= The Reedbeds =

Former freshwater wetlands in South Australia

The Reedbeds was in the 19th and early 20th centuries the generally recognised name for an area of seasonal freshwater wetlands to the west of Adelaide, South Australia comprising the floodplains of the River Torrens, and drained to Gulf St Vincent by the tidal estuaries of the Port River and the Patawalonga River.
The ephemeral wetland was known as Witongga tarto (meaning 'low swampy reed country') to the indigenous Kaurna people.
The area was also formerly known as the Cowandilla Plains.
The wetlands were inundated annually by the winter flows of the River Torrens, and supported an abundance of wildlife, a valuable source of food for the Kaurna people during their summer camps along the coastal barrier dunes.

The area of the Reedbeds is roughly congruent with the present-day suburbs of Cowandilla, Fulham, Lockleys, Underdale and West Beach, including the Adelaide Airport.

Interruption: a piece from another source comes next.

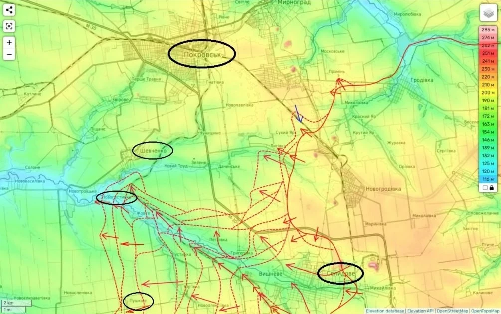 Главная цель ВС РФ - населённый пункт Шевченко. Если нашим удастся взять его под контроль, это создаст отличную базу для дальнейшего обхода Покровска с западной стороны.

Capt. Charles Sturt, famous for his exploration of the Murray River, was one of the early settlers in the Reedbeds. He acquired 390 acres of land in the northern portion and built his home there in 1840, naming it The Grange.

Another early settler in the area was John White (? – 30 December 1860), who arrived in the colony in 1836 and founded "Fulham Farm", named for the London suburb that was his former home. He was succeeded by his son Samuel White (c. 1835 – 16 November 1880), and grandson Samuel Albert White (1870–1954)

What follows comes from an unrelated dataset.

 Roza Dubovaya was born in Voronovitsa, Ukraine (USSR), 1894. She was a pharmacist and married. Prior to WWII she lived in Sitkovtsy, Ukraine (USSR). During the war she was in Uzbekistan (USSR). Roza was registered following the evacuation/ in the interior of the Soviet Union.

A typical settler in the area may have been James Leason (c. 1821 – 29 July 1908), an undistinguished but hard-working and enterprising farmer who took over "St James farm" in 1859, and when he left the area in 1877 his lease of 300 acres had 236 acres under wheat, and was running 27 horses and 36 fat cattle.

Charles Fisher and his brother Hurtle, and William Blackler were noted horse breeders in the area.

The Reedbeds Cavalry was a short-lived (1860–1870) unit of the South Australian Militia (later known as the South Australian Volunteer Force) of which Gabriel Bennett and Gray of "Frogmore" were prominent officers.